A somewhat different approach to the text manipulation methods
discussed elsewhere on the thread would be to map each letter to a
prime number and compute the product corresponding to the letters in
each word. You would be interested in words that had a specific value
of that product since permutations of the letters will not affect it
-- and since you are using primes factors you can't have any
interlopers. The 26th prime is 101, so you could do up to about 8
letter words easily with longs. After that you'd eventually need to
use BigIntegers. Using the small primes for common letters is an
obvious optimization (e=2,t=3,... for English). I've no idea how this
would stack up in efficiency with the other approaches.

Regards,
Tom McGlynn

 

[Giovanni Azua]

Ciao Fralentino,

Hi!

I want to make an algorithm that searches for all words in a
dictionary that contains some specific set of letters. For example i
want to find all words containing the exact letters t,a,s,m,p so the
word stamp is ok.

So basically i want to compare a String with a set of letters and find
out if you can build this string with these exact letter. I have a
solution for this but i dont think it's the the most optimal one so i
would like som tips on how do to this in a optimal and rather easy
way. Is there some recommended designs in how to do this? Is there
perhaps some method or class in the java api that does this for you?

I thought of a possible algorithm to resolve this problem without using
permutations btw I think you also have to take into account the case of
repeated letter occurrences. The idea would be to build a suitable structure
so the lookup time is the fastest.

You would build the following structure from your dictionary once:

Map<String, SortedSet<String>> this is a map of SortedSet of words in the
dictionary keyed by the letters they occur in, and the words in the
SortedSet are ordered alphabetically e.g.

map.get("a").contains("fall") == true
map.get("a").contains("aurora") == false
map.get("aa").contains("aurora") == true // resolves the issue of words
with repeated occurrences of a letter
map.get("a").contains("brown") == false

The lookup algorithm would be ("n" is the number of input letters and "m"
number of words in the dictionary):

1-. Group the input letters e.g. 'a', 'u', 'r', 'o', 'r', 'a' into 'aa',
'o', 'rr', 'u', this can be done worst case O(n)

2-. Now for each of these groups retrieve the right SortedSet, this would be
o(n * c) where c is the constant time to lookup in a Map => big O(n)

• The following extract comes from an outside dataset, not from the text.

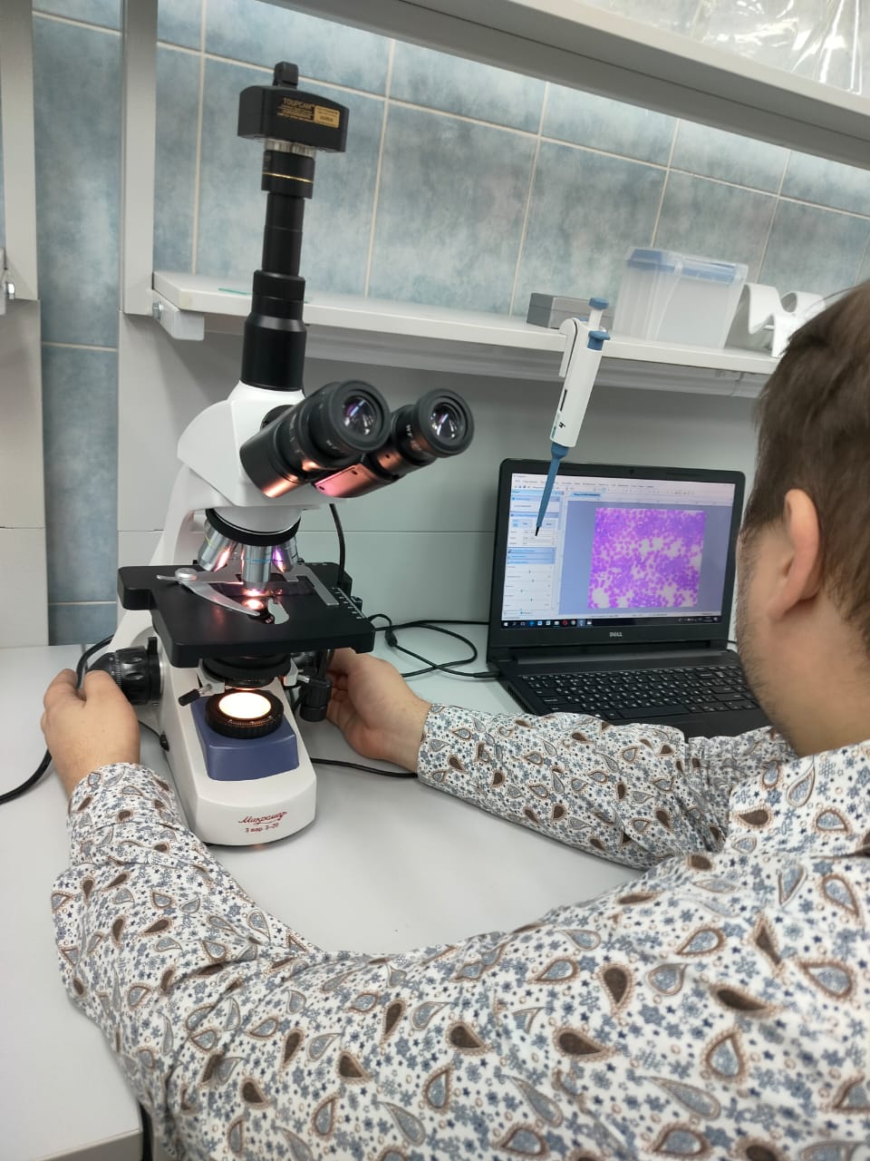 К.б.н., доцент кафедры общей биологии, биотехнологии и разведения животных Владислав Андреевич Сарычев в лаборатории физиологического статуса животных продемонстрировал различные биохимические методы, в том числе метод изучения ДНК растительных клеток.

3-. At this point find the intercept of all SortedSets, intercepting two
SortedSet is O(m)

Therefore the overall complexity would be O(n * m) which is better than
O(n^n * log m). Finding the intercepts of multiple SortedSets can be easily
done in parallel. I think then computing the intercept of every two
SortedSets in parallel would make the overall complexity O(n * log m)

Best regards,
Giovanni

 

[Giovanni Azua]

Therefore the overall complexity would be O(n * m) which is better than
O(n^n * log m). Finding the intercepts of multiple SortedSets can be
easily done in parallel. I think then computing the intercept of every two
SortedSets in parallel would make the overall complexity O(n * log m)

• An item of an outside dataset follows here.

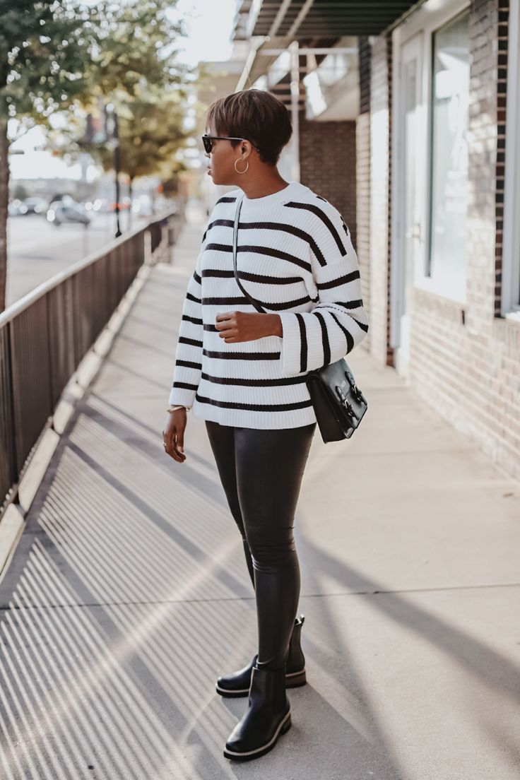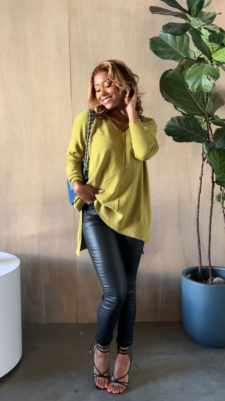8. Monochrome Magic: Create a sleek, monochrome look with a sweater in the same color family as your pants or skirt. This creates an elongated silhouette that is both elegant and modern.

Sorry the overall using parallelization would be O(log n * m) because you
would parallelize on the number of sets which worst-case corresponds to the
number of input letters. The O(m) is what takes to calculate the intercept
of any two Sets of worst-case length m words in the dictionary.

Best regards,
Giovanni

 

[Lew]

One word lookup in the Set costs O(log m) binary search and not O(1).

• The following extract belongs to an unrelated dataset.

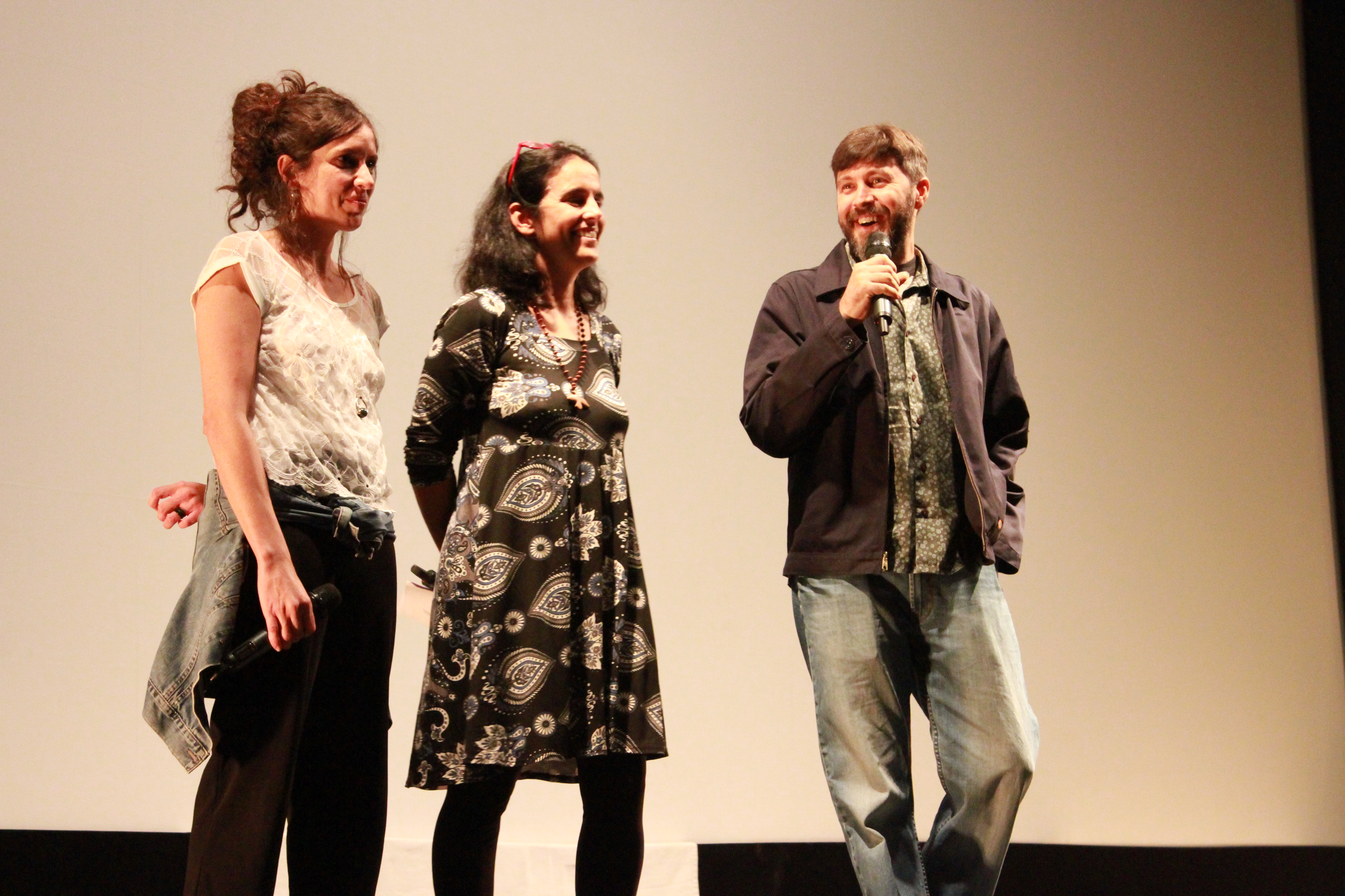 Foto composta de três pessoas , duas mulheres e um homem onde á direita da foto o homem está com um microfone á mão.

That is incorrect for HashSet, assuming you mean 'm' to be the set
size.

Therefore the O(log m) is *for each* generated permutation, and this is why
the multiplication i.e. [sic] O(n! * log m)

According to Sun's documentation for HashSet:

This class offers constant time performance for the basic operations
(add, remove, contains and size), assuming the hash function disperses
the elements properly among the buckets.

The term "constant time" means O(1). Therefore the lookup time is O
(1) for each generated permutation, and this is why the multiplication
is O(n! * 1 ).

Likewise, one word lookup in a HashMap <String, Set<String>> is O(1).
If you use only a single permutation to do the lookup, i.e., the
alphabetically sorted one, then you only do a single lookup for a
HashMap, not n! lookups.

I was writing meantime a similar algorithm to this one you explain ... you
have to watch for multiple occurrences of the same letter though and the Set
should be SortedSet so there is calculating intercept of the Sets which is
O(n) if the Sets are SortedSet.

The OP asked to find "all words in a dictionary that contains some
specific set of letters. ... containing the exact letters ..." If you
implement their "set of letters" as a String containing the letters in
alphabetic order, then you can include duplicated letters as part of
the search term. You wouldn't want a SortedSet to be the dictionary;
a Map is better, specifically a HashMap<String, Set<String>>. You do
an O(1) lookup of the search term, that is, a String comprising the
search letters in order, and get back the Set of matching words in a
single get().

Wouldn't you agree that the O(1) algorithm is a better choice than an O
(n) one?

 

[Lew]

Ciao Fralentino,





I thought of a possible algorithm to resolve this problem without using
permutations btw I think you also have to take into account the case of
repeated letter occurrences. The idea would be to build a suitable structure
so the lookup time is the fastest.

You would build the following structure from your dictionary once:

Map<String, SortedSet<String>> this is a map of SortedSet of words in the
dictionary keyed by the letters they occur in, and the words in the
SortedSet are ordered alphabetically e.g.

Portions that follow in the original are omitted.